In some embodiments, the communication chip 2406 may manage wired communications, such as electrical, optical, or any other suitable communication protocols (e.g., the Ethernet). As noted above, the communication chip 2406 may include multiple communication chips. For instance, a first communication chip 2406 may be dedicated to shorter-range wireless communications such as Wi-Fi or Bluetooth, and a second communication chip 2406 may be dedicated to longer-range wireless communications such as global positioning system (GPS), EDGE, GPRS, CDMA, WiMAX, LTE, EV-DO, or others. In some embodiments, a first communication chip 2406 may be dedicated to wireless communications, and a second communication chip 2406 may be dedicated to wired communications.

The computing device 2400 may include a battery/power circuitry 2410. The battery/power circuitry 2410 may include one or more energy storage devices (e.g., batteries or capacitors) and/or circuitry for coupling components of the computing device 2400 to an energy source separate from the computing device 2400 (e.g., AC line power).

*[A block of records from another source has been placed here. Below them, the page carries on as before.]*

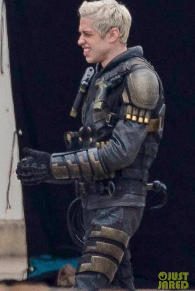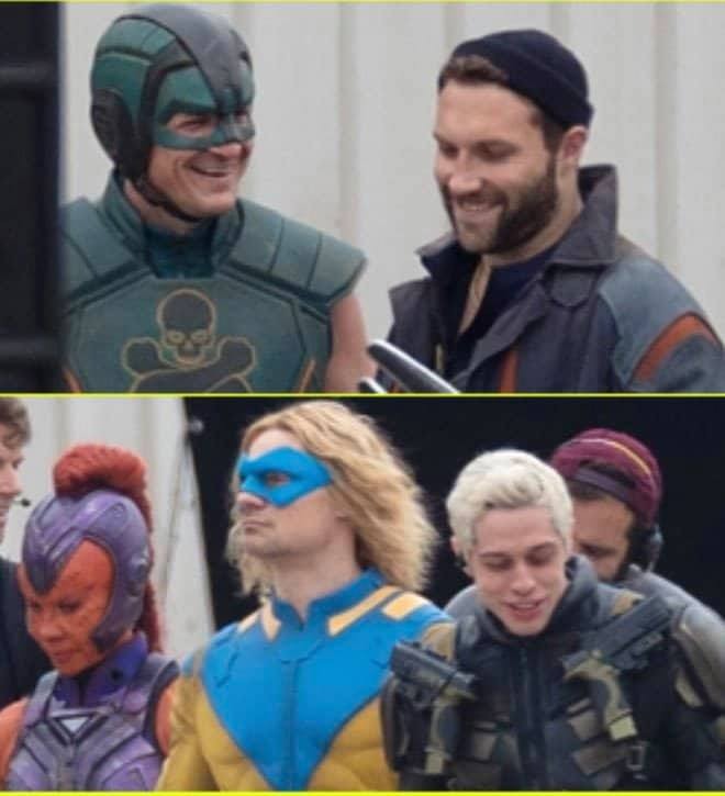 Elas revelam os bastidores das filmagens, assim como o visual bem cartunesco e colorido de alguns dos personagens, que incluem o retorno do Capitão Bumerangue de Jai Courtney e a apresentação de Nathan Fillion (Arm-Fall-Off-Boy), Pete Davidson (Blackguard), Michael Rooker (Savant), Flula Borg (Javelin), Sean Gunn (Weasal) e Mayling Ng (Mongal).
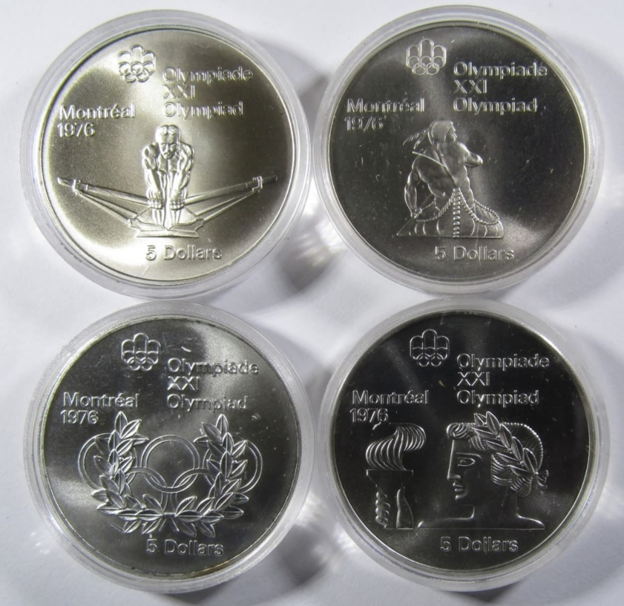 MONTREAL OLYMPICS 1976 OLYMPICS XXI- ATHLETE WITH TORCH, OLYMPIC RINGS AND WREATH, CANOEING, AND ROWING.
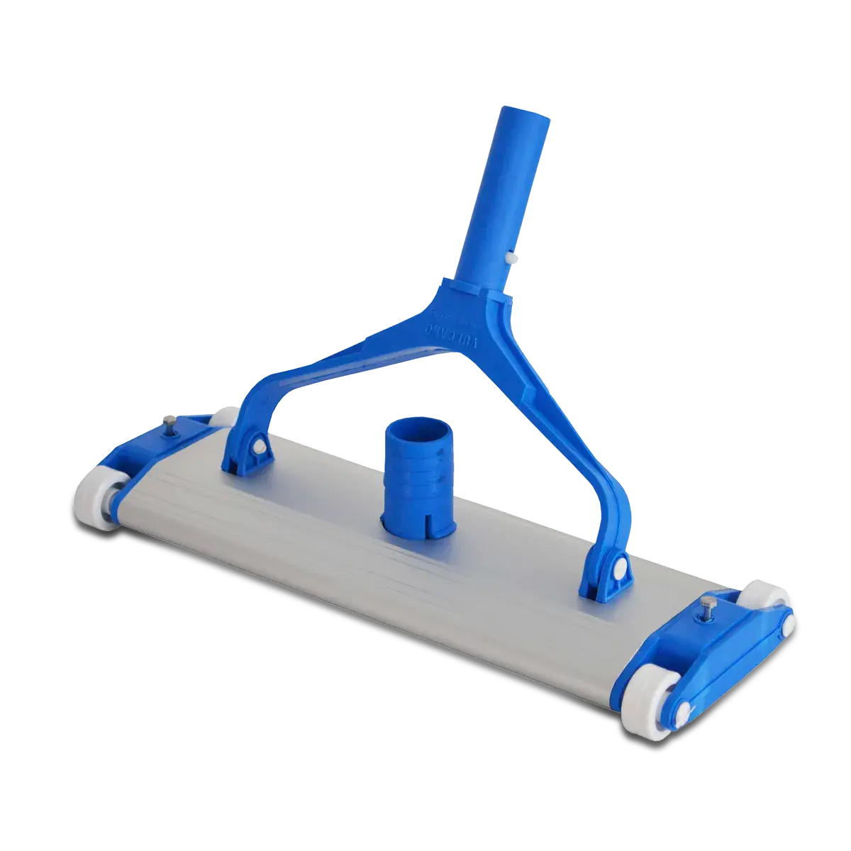 Limpiafondo de aluminio 35cm Vulcano. Dispositivo para aspirar suciedad y residuos depositados en el fondo de la piscina. Para utilizarlo, se debe conectar la manguera flotante al acople de aspiración y un mango fijo o telescópico.

The computing device 2400 may include a display device 2412 (or corresponding interface circuitry, as discussed above). The display device 2412 may include any visual indicators, such as a heads-up display, a computer monitor, a projector, a touchscreen display, a liquid crystal display (LCD), a light-emitting diode display, or a flat panel display, for example.

The computing device 2400 may include an audio output device 2414 (or corresponding interface circuitry, as discussed above). The audio output device 2414 may include any device that generates an audible indicator, such as speakers, headsets, or earbuds, for example.

The computing device 2400 may include an audio input device 2416 (or corresponding interface circuitry, as discussed above). The audio input device 2416 may include any device that generates a signal representative of a sound, such as microphones, microphone arrays, or digital instruments (e.g., instruments having a musical instrument digital interface (MIDI) output).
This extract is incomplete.